After the containers are up and running, register the cluster with **SlurmDBD**:

```bash
./register_cluster.sh
```

> **Tip**: Wait a few seconds for the daemons to initialize before running the registration script to avoid connection errors like:
> `sacctmgr: error: Problem talking to the database: Connection refused`.
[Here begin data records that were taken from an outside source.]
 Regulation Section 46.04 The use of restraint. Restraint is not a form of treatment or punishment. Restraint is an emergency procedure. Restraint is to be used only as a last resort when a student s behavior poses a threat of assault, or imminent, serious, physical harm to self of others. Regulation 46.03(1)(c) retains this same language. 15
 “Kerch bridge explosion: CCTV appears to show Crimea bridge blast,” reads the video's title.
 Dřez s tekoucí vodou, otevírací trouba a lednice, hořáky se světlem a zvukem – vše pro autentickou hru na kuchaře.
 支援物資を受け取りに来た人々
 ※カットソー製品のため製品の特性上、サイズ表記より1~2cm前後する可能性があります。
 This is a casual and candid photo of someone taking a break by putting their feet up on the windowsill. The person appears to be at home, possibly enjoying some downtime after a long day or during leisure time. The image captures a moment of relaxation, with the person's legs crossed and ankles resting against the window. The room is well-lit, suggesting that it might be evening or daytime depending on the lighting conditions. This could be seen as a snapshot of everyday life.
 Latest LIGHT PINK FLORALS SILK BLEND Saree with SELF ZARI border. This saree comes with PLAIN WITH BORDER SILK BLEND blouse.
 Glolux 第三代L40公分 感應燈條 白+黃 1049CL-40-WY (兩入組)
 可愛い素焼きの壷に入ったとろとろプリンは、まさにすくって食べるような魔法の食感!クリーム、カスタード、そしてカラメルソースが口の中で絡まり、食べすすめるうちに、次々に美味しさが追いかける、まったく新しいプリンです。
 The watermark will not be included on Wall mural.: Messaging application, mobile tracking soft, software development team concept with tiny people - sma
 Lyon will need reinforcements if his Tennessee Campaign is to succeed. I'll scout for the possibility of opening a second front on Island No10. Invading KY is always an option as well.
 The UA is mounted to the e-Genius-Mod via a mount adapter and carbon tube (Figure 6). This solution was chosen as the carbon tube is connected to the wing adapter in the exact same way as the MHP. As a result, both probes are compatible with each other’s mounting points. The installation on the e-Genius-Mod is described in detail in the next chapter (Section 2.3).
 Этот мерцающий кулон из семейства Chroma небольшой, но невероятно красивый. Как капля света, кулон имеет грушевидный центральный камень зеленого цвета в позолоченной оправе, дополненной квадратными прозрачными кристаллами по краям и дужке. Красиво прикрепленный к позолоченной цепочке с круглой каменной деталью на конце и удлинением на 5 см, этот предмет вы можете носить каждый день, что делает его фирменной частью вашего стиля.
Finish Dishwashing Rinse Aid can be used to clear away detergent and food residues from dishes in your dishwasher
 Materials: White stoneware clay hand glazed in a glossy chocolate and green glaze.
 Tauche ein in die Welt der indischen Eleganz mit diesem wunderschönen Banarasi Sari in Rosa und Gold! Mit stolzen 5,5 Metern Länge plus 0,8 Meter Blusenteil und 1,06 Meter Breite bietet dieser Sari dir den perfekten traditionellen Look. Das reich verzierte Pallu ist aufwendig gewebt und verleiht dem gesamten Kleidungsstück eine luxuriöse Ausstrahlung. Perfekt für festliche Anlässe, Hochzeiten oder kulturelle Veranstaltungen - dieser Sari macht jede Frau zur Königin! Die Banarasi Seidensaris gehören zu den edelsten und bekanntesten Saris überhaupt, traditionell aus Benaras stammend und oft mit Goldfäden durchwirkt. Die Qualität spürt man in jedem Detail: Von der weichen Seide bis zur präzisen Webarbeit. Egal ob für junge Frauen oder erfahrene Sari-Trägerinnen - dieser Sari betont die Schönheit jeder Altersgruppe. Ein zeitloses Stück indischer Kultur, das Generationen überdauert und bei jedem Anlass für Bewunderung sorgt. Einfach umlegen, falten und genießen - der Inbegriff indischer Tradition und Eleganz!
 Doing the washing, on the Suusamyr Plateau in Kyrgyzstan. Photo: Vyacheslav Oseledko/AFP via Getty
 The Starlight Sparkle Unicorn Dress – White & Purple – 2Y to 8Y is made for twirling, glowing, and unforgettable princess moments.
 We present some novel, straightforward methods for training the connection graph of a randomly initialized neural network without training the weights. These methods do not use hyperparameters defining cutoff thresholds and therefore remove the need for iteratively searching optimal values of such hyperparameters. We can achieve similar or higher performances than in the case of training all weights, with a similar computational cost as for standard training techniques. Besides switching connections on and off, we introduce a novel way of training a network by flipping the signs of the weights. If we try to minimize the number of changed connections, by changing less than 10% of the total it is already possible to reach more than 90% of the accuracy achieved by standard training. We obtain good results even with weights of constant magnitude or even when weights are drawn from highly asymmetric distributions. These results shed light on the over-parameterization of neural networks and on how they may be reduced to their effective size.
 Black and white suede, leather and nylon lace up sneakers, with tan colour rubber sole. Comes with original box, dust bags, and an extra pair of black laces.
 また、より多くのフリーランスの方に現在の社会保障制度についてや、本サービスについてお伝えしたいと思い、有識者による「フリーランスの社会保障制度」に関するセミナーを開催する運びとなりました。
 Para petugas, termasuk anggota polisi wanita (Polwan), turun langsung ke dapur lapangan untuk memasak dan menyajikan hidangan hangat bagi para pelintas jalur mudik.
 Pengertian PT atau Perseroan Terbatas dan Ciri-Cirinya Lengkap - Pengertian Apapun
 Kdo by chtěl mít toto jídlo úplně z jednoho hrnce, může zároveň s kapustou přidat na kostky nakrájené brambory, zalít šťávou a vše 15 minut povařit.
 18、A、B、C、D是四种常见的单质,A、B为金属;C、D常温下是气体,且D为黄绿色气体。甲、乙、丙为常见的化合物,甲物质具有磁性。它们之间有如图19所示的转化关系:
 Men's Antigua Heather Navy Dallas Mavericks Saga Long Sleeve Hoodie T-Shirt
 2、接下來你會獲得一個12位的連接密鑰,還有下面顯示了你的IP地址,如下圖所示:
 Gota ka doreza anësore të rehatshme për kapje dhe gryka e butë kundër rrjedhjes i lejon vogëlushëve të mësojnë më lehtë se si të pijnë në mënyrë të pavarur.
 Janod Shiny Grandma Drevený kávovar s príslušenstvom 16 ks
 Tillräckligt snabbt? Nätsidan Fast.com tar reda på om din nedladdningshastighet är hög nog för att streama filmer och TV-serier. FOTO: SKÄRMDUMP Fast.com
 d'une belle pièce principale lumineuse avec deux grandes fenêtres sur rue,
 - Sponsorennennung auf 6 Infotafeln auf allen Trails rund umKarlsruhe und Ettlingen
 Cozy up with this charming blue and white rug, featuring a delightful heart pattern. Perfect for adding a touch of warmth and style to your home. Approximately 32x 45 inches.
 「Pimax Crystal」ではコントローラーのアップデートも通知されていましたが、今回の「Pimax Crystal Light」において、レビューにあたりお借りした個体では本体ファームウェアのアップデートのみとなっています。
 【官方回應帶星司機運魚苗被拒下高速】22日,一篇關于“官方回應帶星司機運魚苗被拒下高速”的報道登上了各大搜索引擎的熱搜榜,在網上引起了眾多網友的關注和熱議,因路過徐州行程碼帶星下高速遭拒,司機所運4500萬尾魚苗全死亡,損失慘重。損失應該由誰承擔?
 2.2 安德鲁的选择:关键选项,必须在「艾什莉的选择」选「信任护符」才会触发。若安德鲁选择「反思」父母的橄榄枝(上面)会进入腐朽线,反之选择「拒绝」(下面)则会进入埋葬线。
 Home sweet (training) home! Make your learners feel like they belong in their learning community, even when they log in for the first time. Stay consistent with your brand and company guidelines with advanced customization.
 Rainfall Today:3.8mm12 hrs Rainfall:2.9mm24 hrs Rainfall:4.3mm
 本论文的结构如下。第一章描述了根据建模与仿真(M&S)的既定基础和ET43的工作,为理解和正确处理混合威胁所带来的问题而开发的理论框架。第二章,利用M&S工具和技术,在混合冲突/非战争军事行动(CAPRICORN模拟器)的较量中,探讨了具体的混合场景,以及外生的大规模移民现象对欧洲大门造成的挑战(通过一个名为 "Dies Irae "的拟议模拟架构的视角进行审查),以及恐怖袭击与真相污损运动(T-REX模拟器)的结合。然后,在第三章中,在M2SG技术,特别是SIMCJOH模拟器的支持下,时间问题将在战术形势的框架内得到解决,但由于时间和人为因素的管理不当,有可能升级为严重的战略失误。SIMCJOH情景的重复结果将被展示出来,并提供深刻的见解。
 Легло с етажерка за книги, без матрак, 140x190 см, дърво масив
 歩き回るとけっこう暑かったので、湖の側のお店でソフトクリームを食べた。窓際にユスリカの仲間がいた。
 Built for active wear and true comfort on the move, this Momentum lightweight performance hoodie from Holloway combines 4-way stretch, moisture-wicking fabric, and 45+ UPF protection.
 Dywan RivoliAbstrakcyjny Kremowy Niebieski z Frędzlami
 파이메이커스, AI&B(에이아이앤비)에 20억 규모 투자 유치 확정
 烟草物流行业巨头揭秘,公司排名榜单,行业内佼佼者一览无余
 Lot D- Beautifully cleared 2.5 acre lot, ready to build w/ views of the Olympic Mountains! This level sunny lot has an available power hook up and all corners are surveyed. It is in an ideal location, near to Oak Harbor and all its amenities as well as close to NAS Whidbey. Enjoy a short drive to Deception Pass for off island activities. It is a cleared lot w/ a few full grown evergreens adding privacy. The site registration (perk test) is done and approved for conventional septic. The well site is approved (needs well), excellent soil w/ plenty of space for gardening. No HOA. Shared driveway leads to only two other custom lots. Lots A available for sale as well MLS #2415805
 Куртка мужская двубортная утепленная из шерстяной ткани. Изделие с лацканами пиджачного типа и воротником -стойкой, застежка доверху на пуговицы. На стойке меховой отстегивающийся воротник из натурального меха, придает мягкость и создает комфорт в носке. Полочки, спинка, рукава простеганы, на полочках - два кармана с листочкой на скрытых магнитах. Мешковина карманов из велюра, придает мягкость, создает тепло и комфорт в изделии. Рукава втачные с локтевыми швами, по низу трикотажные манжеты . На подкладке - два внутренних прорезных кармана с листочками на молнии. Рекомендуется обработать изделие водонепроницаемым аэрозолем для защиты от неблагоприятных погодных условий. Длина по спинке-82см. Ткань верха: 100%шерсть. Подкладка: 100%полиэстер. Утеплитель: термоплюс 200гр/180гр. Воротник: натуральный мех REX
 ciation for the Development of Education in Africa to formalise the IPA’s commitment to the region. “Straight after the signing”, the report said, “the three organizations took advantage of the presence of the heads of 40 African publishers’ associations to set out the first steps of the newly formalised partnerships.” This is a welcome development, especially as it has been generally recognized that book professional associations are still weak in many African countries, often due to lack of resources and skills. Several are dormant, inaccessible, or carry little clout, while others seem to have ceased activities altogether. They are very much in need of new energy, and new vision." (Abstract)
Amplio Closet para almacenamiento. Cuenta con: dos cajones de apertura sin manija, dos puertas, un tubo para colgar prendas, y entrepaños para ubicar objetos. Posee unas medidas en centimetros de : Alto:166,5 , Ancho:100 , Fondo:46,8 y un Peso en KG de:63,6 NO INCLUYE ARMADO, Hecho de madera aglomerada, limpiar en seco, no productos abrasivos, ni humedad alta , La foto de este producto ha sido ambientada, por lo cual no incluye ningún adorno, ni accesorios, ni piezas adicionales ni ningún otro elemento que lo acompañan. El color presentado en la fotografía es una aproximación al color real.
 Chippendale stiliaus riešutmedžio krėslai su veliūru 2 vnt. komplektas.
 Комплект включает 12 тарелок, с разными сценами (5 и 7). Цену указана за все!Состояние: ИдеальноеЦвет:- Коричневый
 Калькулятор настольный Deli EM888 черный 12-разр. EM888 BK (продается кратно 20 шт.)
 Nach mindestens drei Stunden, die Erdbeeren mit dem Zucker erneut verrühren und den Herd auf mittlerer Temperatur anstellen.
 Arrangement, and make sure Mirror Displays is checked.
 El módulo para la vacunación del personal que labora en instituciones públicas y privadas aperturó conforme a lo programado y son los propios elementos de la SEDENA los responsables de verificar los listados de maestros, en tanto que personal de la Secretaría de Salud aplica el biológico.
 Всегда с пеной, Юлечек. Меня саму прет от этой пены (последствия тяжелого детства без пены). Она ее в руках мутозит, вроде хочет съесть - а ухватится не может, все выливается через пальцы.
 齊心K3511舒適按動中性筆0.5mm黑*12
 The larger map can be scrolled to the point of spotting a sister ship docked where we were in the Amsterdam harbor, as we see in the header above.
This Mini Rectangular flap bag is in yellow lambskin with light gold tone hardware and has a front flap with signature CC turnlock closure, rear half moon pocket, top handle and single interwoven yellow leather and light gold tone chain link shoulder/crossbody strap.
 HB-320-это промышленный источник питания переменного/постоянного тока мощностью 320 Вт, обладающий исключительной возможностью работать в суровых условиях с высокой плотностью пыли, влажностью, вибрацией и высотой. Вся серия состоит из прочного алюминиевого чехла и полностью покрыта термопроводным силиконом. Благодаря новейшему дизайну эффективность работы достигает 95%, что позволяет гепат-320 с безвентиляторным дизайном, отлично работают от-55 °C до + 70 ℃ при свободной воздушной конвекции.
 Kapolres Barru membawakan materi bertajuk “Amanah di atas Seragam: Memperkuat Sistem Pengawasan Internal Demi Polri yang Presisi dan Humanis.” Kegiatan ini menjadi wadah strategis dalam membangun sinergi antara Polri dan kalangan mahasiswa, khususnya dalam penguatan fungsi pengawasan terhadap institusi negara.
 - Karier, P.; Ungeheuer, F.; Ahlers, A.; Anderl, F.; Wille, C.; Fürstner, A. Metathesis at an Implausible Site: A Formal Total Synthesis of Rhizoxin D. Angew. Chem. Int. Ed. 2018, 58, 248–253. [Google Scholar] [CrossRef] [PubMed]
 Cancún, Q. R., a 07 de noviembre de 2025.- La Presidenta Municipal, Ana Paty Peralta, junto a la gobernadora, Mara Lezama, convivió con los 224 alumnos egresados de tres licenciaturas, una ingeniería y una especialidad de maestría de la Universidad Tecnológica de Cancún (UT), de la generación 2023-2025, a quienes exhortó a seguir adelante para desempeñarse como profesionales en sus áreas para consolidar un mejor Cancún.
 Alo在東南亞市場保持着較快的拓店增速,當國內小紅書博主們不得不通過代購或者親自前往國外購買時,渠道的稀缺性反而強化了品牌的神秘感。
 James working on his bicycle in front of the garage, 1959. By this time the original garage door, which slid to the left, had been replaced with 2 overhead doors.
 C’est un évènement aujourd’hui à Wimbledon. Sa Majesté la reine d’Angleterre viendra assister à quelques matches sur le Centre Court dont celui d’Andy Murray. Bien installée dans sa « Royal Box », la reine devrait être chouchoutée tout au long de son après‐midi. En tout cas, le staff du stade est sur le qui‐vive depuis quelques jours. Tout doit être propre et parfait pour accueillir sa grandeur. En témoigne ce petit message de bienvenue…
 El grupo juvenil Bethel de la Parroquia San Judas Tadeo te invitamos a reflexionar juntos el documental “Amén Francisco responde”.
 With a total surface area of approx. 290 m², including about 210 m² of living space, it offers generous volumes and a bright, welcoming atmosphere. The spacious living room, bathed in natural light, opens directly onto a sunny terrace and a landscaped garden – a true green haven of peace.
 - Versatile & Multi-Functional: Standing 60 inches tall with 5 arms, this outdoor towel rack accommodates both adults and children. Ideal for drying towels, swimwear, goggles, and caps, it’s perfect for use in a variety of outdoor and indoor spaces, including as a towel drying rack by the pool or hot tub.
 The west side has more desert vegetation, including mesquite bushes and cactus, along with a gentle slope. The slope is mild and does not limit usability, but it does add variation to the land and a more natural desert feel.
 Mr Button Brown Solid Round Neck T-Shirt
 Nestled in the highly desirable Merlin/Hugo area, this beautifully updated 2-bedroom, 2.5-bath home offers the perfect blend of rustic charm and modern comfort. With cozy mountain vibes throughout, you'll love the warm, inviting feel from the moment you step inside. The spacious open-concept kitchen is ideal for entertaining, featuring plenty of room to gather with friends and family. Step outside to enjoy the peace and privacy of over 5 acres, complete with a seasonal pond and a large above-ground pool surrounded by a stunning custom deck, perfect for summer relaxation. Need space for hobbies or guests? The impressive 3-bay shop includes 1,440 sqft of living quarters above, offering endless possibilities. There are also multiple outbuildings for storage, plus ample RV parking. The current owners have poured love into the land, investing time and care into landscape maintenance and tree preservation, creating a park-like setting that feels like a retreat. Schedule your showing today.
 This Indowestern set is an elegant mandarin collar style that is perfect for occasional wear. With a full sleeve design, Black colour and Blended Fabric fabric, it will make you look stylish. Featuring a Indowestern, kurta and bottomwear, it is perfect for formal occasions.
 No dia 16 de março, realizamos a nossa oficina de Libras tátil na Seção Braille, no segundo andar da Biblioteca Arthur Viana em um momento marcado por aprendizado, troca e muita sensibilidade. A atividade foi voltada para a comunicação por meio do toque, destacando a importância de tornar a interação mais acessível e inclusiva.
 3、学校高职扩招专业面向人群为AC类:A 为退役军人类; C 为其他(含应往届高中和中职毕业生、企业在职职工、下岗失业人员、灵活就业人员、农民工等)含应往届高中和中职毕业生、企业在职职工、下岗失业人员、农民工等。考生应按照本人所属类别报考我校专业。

For real-time cluster logs, use:

```bash
docker compose logs -f
```

## 🖥️ Accessing the Cluster

To interact with the Slurm controller, open a shell inside the `slurmctld` container:

```bash
docker exec -it slurmctld bash
```

Now you can run any Slurm command from inside the container:

```bash
[root@slurmctld /]# sinfo
PARTITION AVAIL TIMELIMIT NODES STATE NODELIST
normal* up 5-00:00:00 2 idle c[1-2]
```

## 🧑‍💻 Submitting Jobs

The cluster mounts the `slurm_jobdir` volume across all nodes, making job files accessible from the `/data` directory. To submit a job:

```bash
[root@slurmctld /]# cd /data/
[root@slurmctld data]# sbatch --wrap="hostname"
Submitted batch job 2
```

Check the output of the job:

```bash
[root@slurmctld data]# cat slurm-2.out
c1
```

## 🔄 Cluster Management

### Stopping and Restarting:

Stop the cluster without removing the containers:

```bash
docker compose stop
```

Restart it later:

```bash
docker compose start
```

### Deleting the Cluster:

To completely remove the containers and associated volumes:

```bash
docker compose down -v
```

## ⚙️ Advanced Configuration

You can modify Slurm configurations (`slurm.conf`, `slurmdbd.conf`) on the fly without rebuilding the containers. Just run:

```bash
./update_slurmfiles.sh slurm.conf slurmdbd.conf
docker compose restart
```

This makes it easy to add/remove nodes or test new configuration settings dynamically.

## 🤝 Contributing

Contributions are welcomed from the community! If you want to add features, fix bugs, or improve documentation:

1. Fork this repo.
2. Create a new branch: `git checkout -b feature/your-feature`.
3. Submit a pull request.

## 📄 License

This project is licensed under the [MIT License](LICENSE).